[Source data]

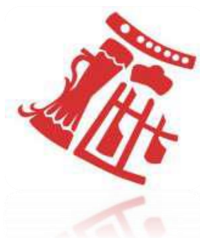
Gambar 2.4 Motif alat musik

Gambar di atas mencoba menjelaskan keberagaman kebiasaan, perkembangan dan kekhasan nusantara yang simbolisasinya dilakukan dengan kombinasi sehelai kain dengan motif batik yang diwakili oleh batik parang dari daerah Jawa dan pulau-pulau lain.
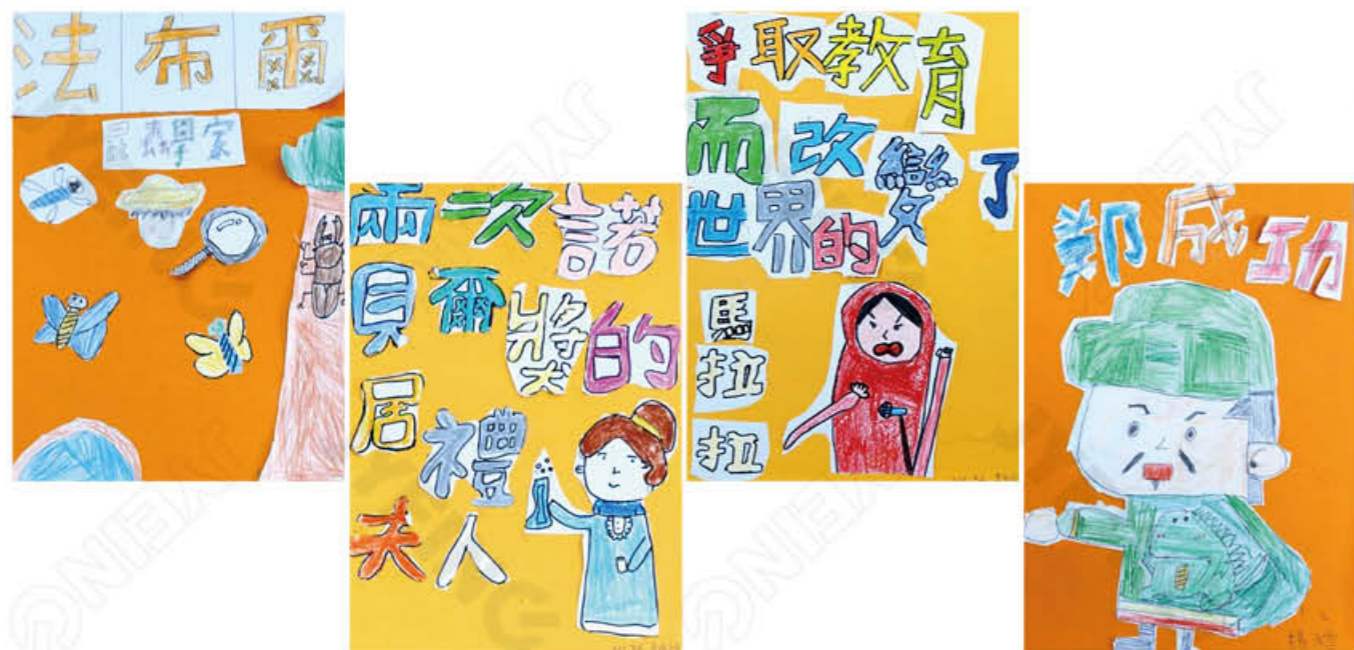
401 粘靖神 應雨臻 許鈞甯 楊又睿
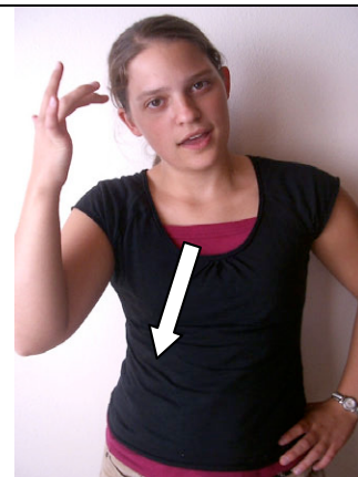
why? ¿por qué?
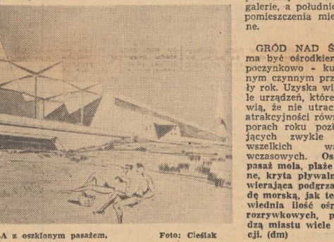
FRAGMENT MOLA z oszklonym pasażem.

WRESZCIE — PLAZA . Przebudowana i odpowiednio zagospodarowana, wyposażona zostanie w dwa ośrodki kąpielowe przeznaczone dla

Exercise brief.
Repeat the records verbatim, excluding pictures.

Response below.
Gambar 2.4 Motif alat musik

Gambar di atas mencoba menjelaskan keberagaman kebiasaan, perkembangan dan kekhasan nusantara yang simbolisasinya dilakukan dengan kombinasi sehelai kain dengan motif batik yang diwakili oleh batik parang dari daerah Jawa dan pulau-pulau lain.
401 粘靖神 應雨臻 許鈞甯 楊又睿
why? ¿por qué?
FRAGMENT MOLA z oszklonym pasażem.

WRESZCIE — PLAZA . Przebudowana i odpowiednio zagospodarowana, wyposażona zostanie w dwa ośrodki kąpielowe przeznaczone dla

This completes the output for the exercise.